Recommendations for assessing patient-reported outcomes and health-related quality of life in patients with urticaria: a GA(2) LEN taskforce position paper.

The aim of this Global Allergy and Asthma European Network (GA(2)LEN) consensus report is to provide recommendations and suggestions for assessing patient-reported outcomes (PROs) including health-related quality of life in patients with urticaria. We recommend that PROs should be used both in clinical trials and routine practice for the evaluation of urticaria patients. We suggest that PROs should be considered as the primary outcome of future clinical trials. Two validated and disease-specific instruments for assessing PROs are available, the urticaria activity score (for symptoms) and the chronic urticaria questionnaire on quality of life CU-Q(2)oL. This latter tool, CU-Q(2)oL, is available in many languages and should be preferred, where available, over more generic instruments for assessing urticaria-specific effects on quality of life. CU-Q(2)oL is only suited for the investigation of patients with chronic spontaneous urticaria.
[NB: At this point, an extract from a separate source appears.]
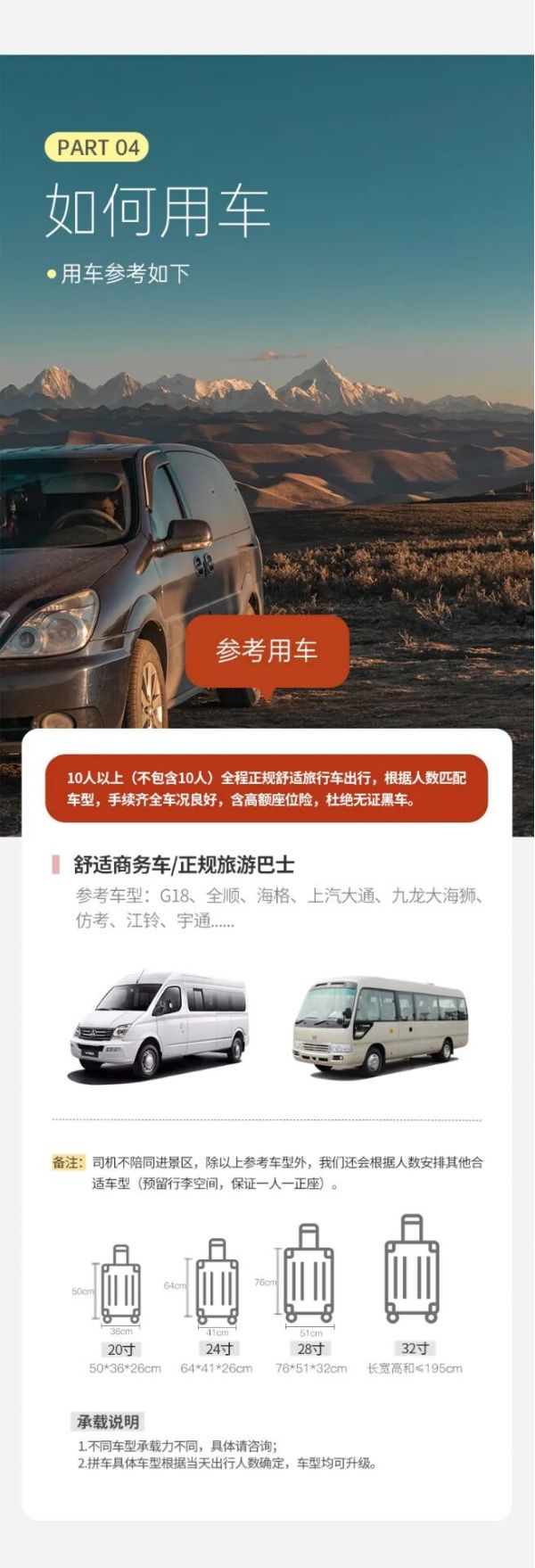 用車:車型根據(jù)人數(shù)決定,保證每人一正座;包含司機(jī)一名、油費(fèi)、過路費(fèi)、停車費(fèi),包含從出發(fā)地到景點(diǎn)及酒店費(fèi)用,不包含晚間自由活動交通;

Similar instruments for other forms of urticaria have yet to be developed and validated. Also, tools for assessing other chronic spontaneous urticaria PROs besides quality of life and symptoms are needed.

Adaptation and initial results of the Polish version of the GA(2)LEN chronic urticaria quality of life questionnaire (CU-Q(2)oL).
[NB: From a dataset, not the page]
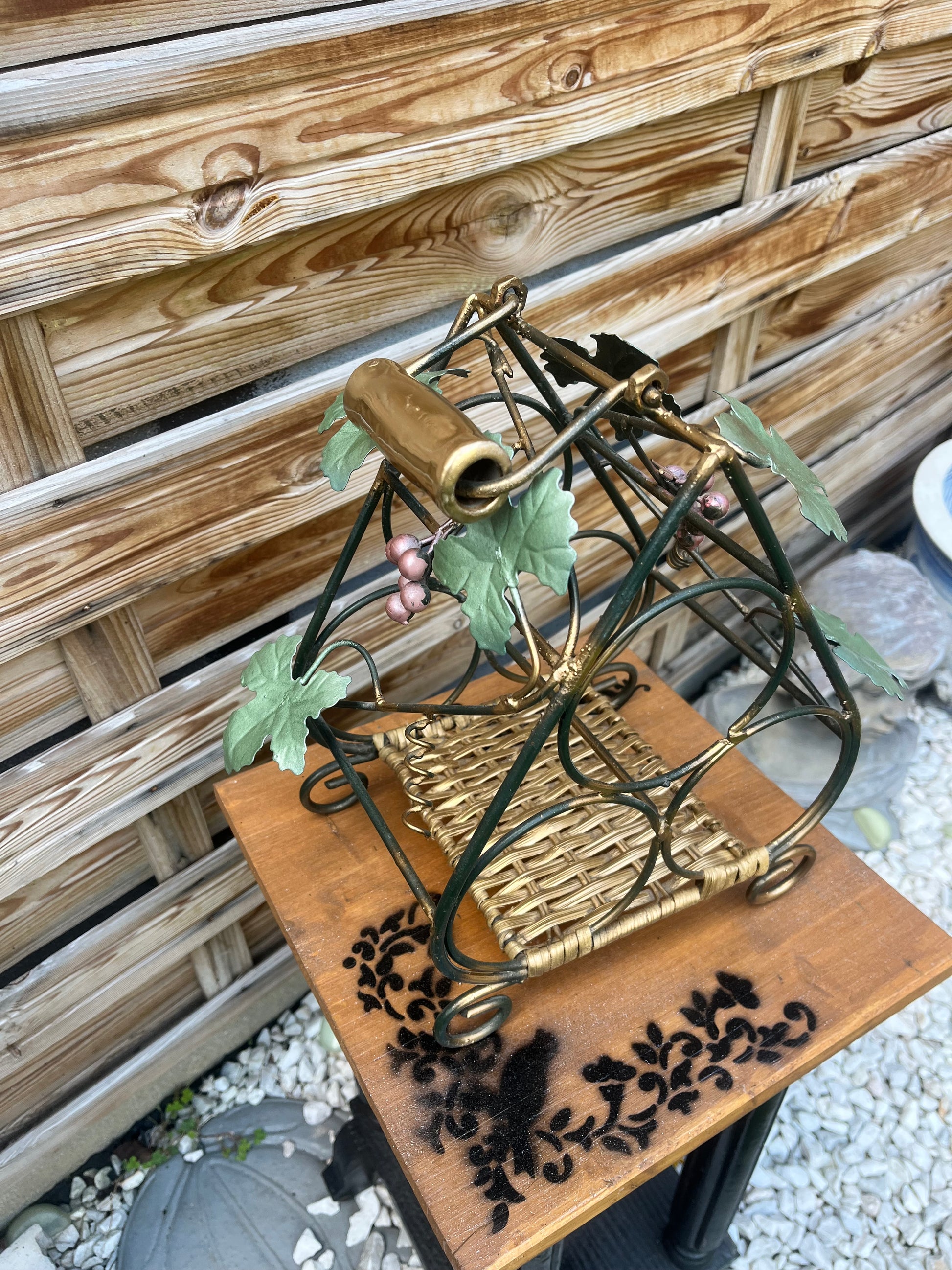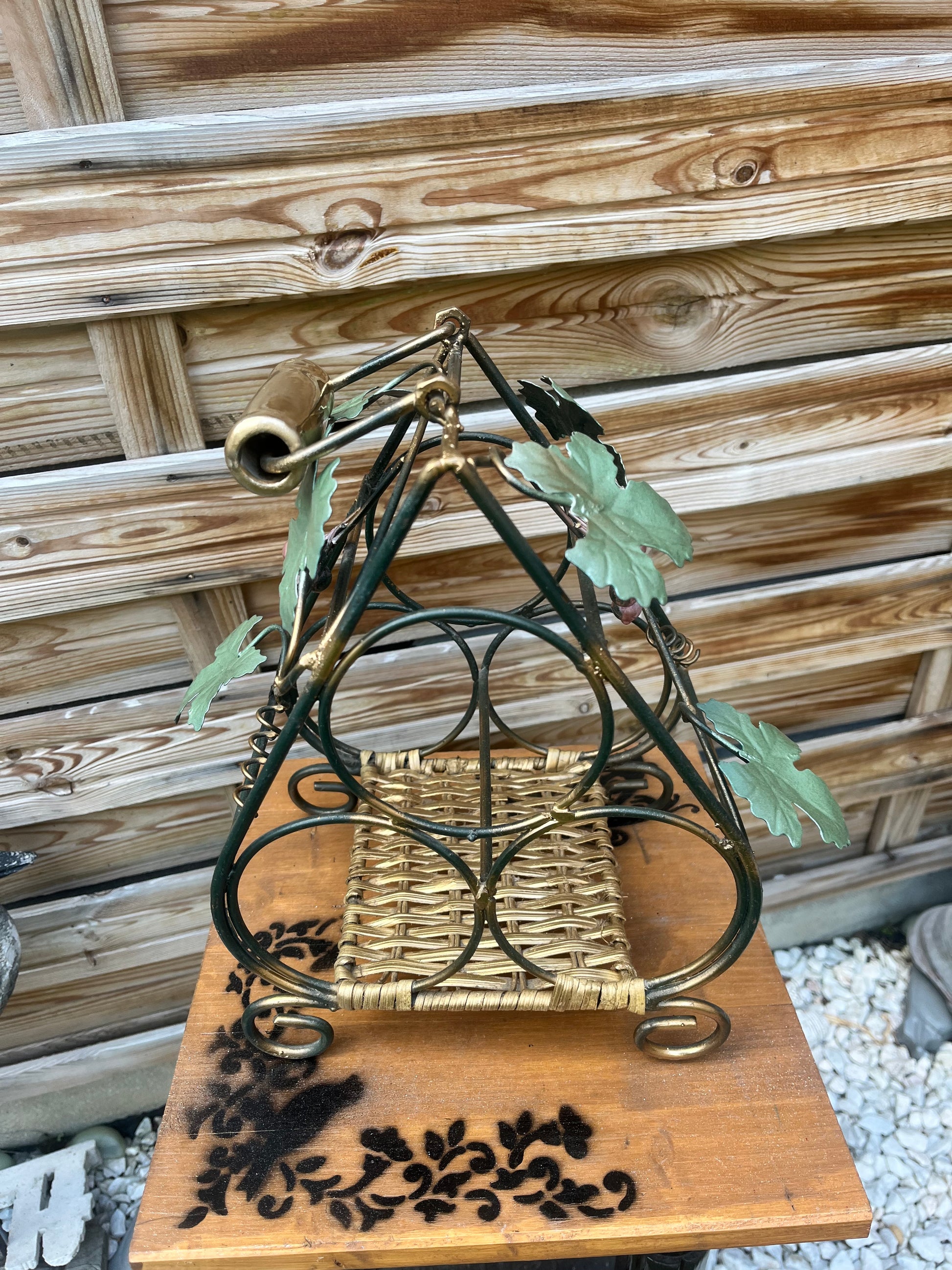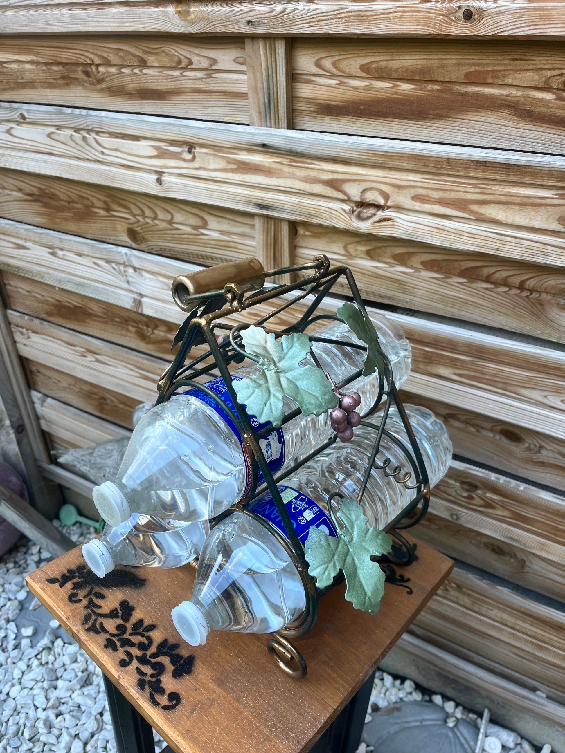 Très beau porte bouteilles noir et or, avec décors de feuilles de vignes vertes. Peut contenir 3 bouteilles.

BACKGROUND: Strong negative influence upon the quality of life in chronic urticaria is well proved. Before the GA(2)LEN Chronic Urticaria Quality of Life Questionnaire (CU-Q(2)oL) was introduced, the quality of life in chronic urticaria had been measured with general or dermatology specific questionnaires. CU-Q(2)oL was initially developed in Italy and consisted of 23 items divided into 6 quality of life dimensions. OBJECTIVE: The aim of our study was to adapt the Polish version of CU-Q(2)oL and to provide initial results from the Polish sample. METHODS: To prepare the Polish version forward and back translation was prepared. After cognitive debriefing, we collected a group of 126 chronic urticaria patients who completed Polish CU-Q(2)oL, Dermatology Life Quality Index (DLQI) and Skindex-29 questionnaire. Disease severity was assessed with Urticaria Activity Score (UAS). We performed the factorial analysis to identify CU-Q(2)oL subscales in our study, internal consistency and convergent validity assessment as well as factors driving the results. Moreover, we analysed tool's reproducibility and responsiveness. RESULTS: The factor analysis resulted in six subscales of Polish CU-Q(2)oL version with satisfying face validity: Itching, Swelling/Mental status, Functioning, Sleep, Eating/Limits, Embarrassment. All subscales presented recommended internal consistency and convergent validity. Disease severity was the only factor predicting results of all the subscales. Polish CU-Q(2)oL version was reproducible and sensitive to change. We noticed the highest quality of life impairment in Itching and Embarrassment subscales whereas Eating/Limits was the least affected. CONCLUSIONS: Our study supports reliability, responsiveness and validity of the Polish version of CU-Q(2)oL - easy in use, non time-consuming instrument to be used in research, clinical management and treatment outcome assessment and is one more step to confirm quality of life impairment in chronic urticaria.